▸ EXERCISE:
Wherever the listing holds a picture, leave it out, and copy the remainder exactly.

▸ GIVEN MATERIAL:
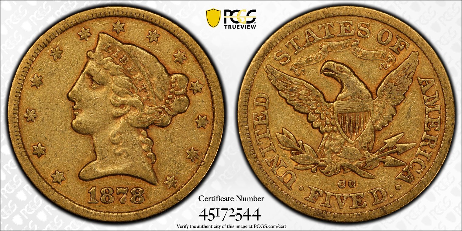 1878-CC $5 XF40
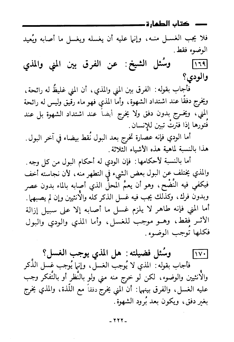 169) وسُئل الشيخ: عن الفرق بين المني والمذي والودي؟
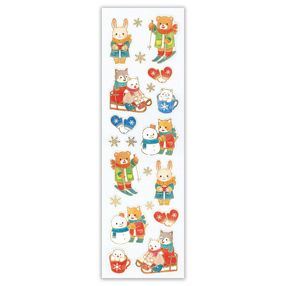 風合いのある和紙に金箔が輝く、冬柄の和風シールです。
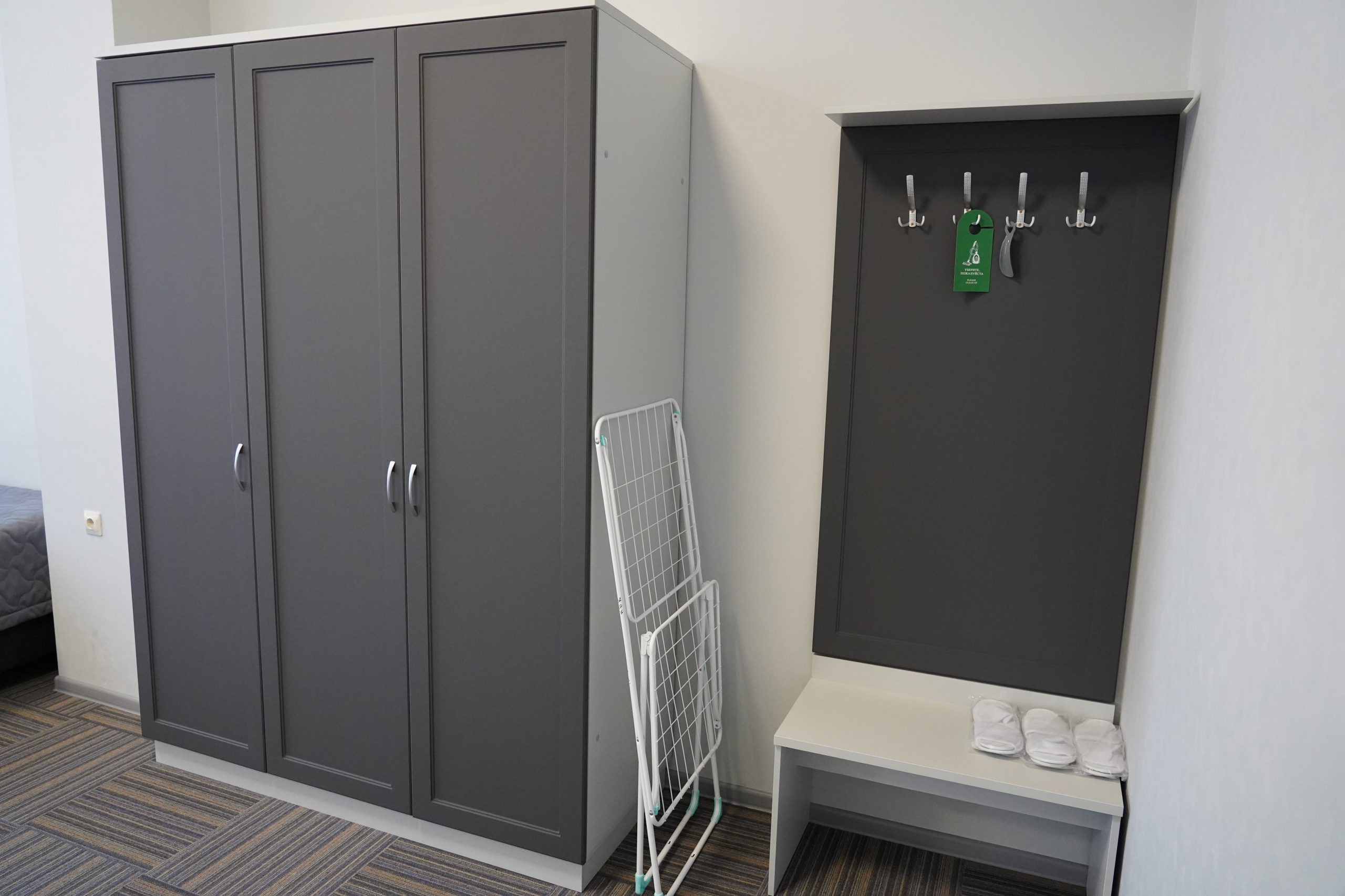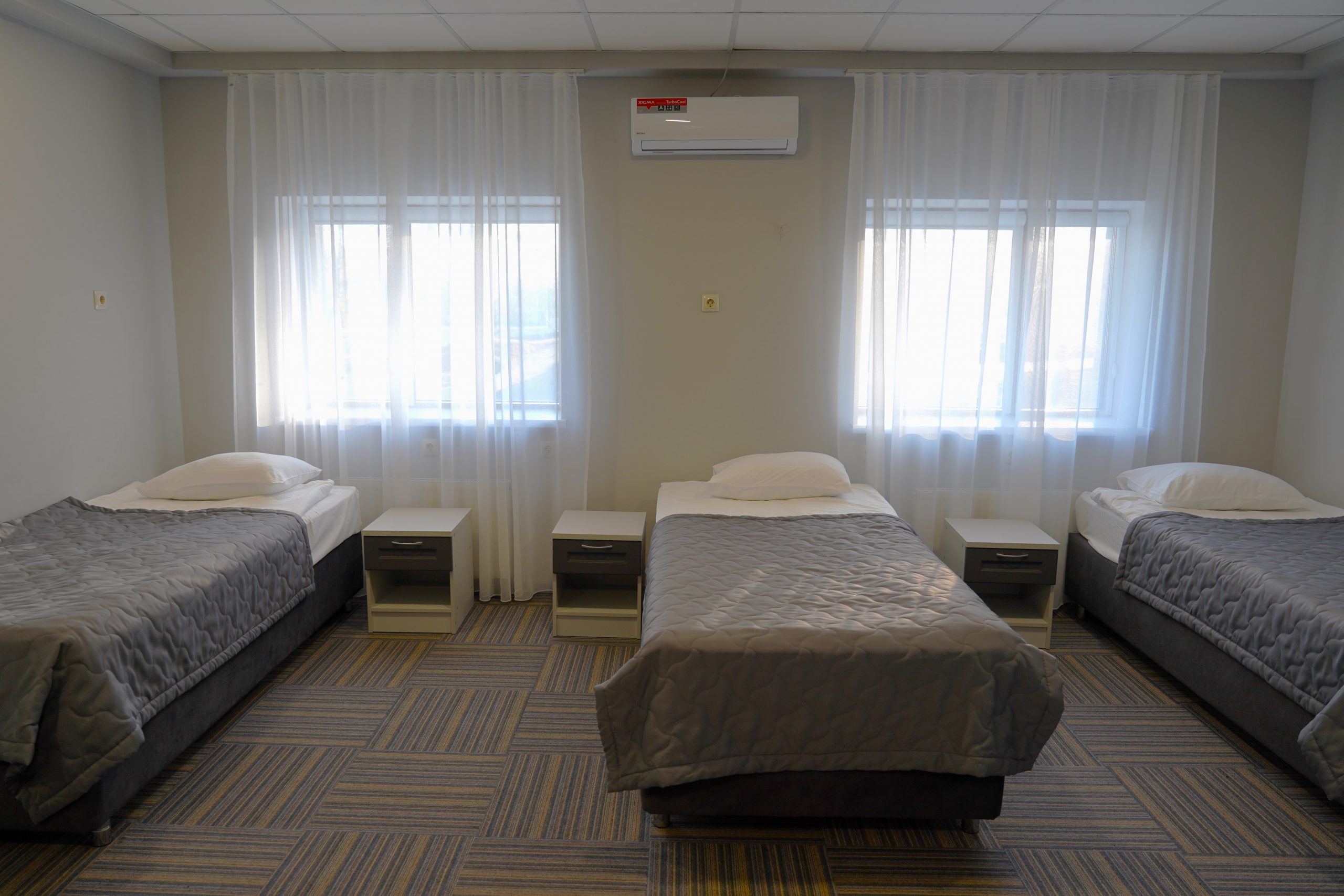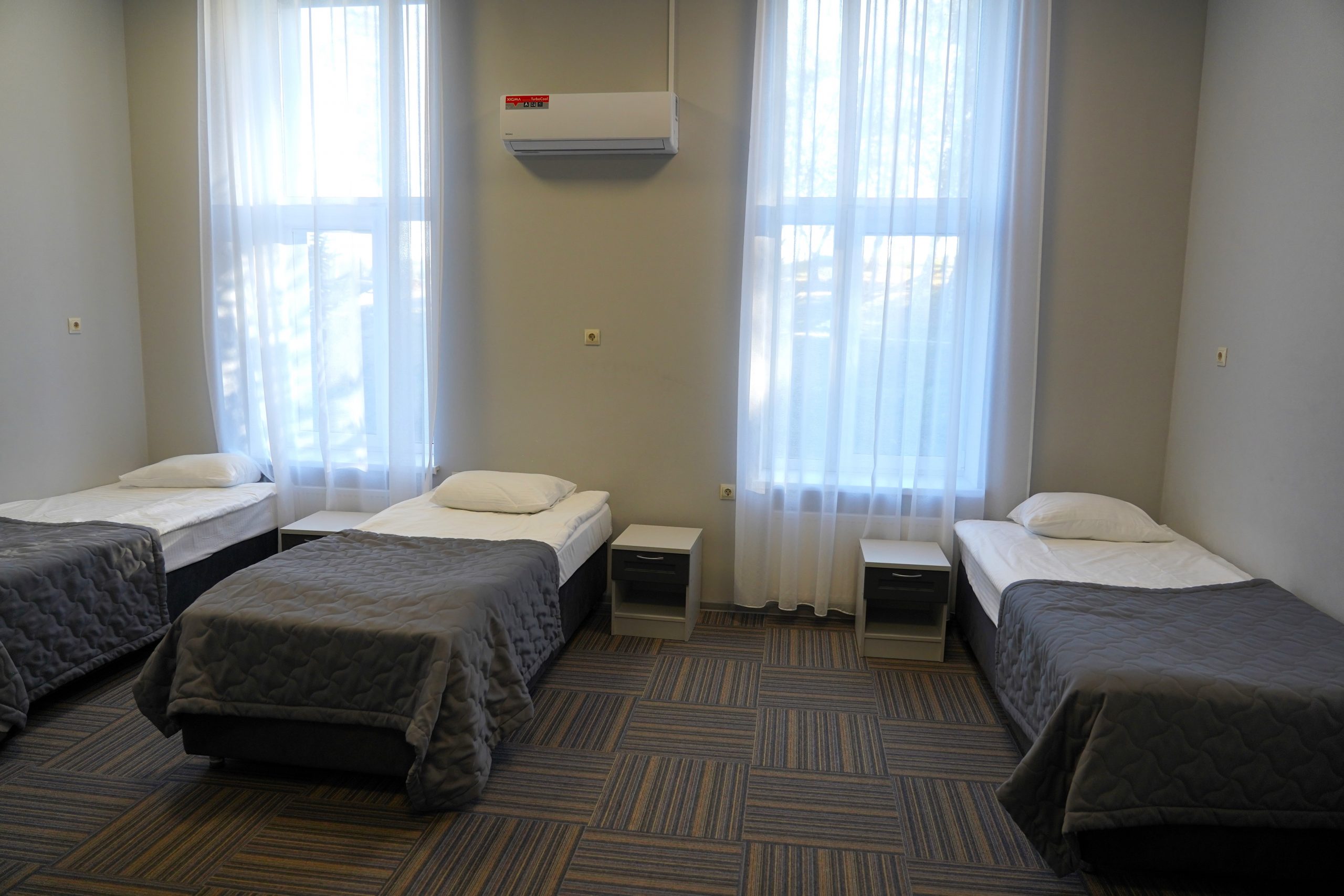 Трех местный однокомнатный номер «1 категории» оснащен тремя раздельными кроватями, тремя прикроватными тумбочками. В номере имеется стол с фригобаром (тумба под холодильник), холодильник (мини), телевизор. Номер освещается верхним светом и настенными светильниками. Зеркало. При входе в номер настенная вешалка, для верхней одежды, платяной шкаф, тумбочка под чемодан. В номере отдельная ванная комната, которая оборудована раковиной для мытья рук, душевой кабиной, унитаз, элекрический фен. Номер укомплектован комплектами полотенец на каждого гостя (по 3 шт на человека). На каждого гостя одноразовая гигиеническая продукция, одноразовые тапочки, швейный набор. Ключ от номера электронный, выдается каждому гостю при заселении. Ковровое покрытие. Шторы блекаут. WI-FI

▸ ANSWER SPACE:
 1878-CC $5 XF40
 169) وسُئل الشيخ: عن الفرق بين المني والمذي والودي؟
 風合いのある和紙に金箔が輝く、冬柄の和風シールです。
 Трех местный однокомнатный номер «1 категории» оснащен тремя раздельными кроватями, тремя прикроватными тумбочками. В номере имеется стол с фригобаром (тумба под холодильник), холодильник (мини), телевизор. Номер освещается верхним светом и настенными светильниками. Зеркало. При входе в номер настенная вешалка, для верхней одежды, платяной шкаф, тумбочка под чемодан. В номере отдельная ванная комната, которая оборудована раковиной для мытья рук, душевой кабиной, унитаз, элекрический фен. Номер укомплектован комплектами полотенец на каждого гостя (по 3 шт на человека). На каждого гостя одноразовая гигиеническая продукция, одноразовые тапочки, швейный набор. Ключ от номера электронный, выдается каждому гостю при заселении. Ковровое покрытие. Шторы блекаут. WI-FI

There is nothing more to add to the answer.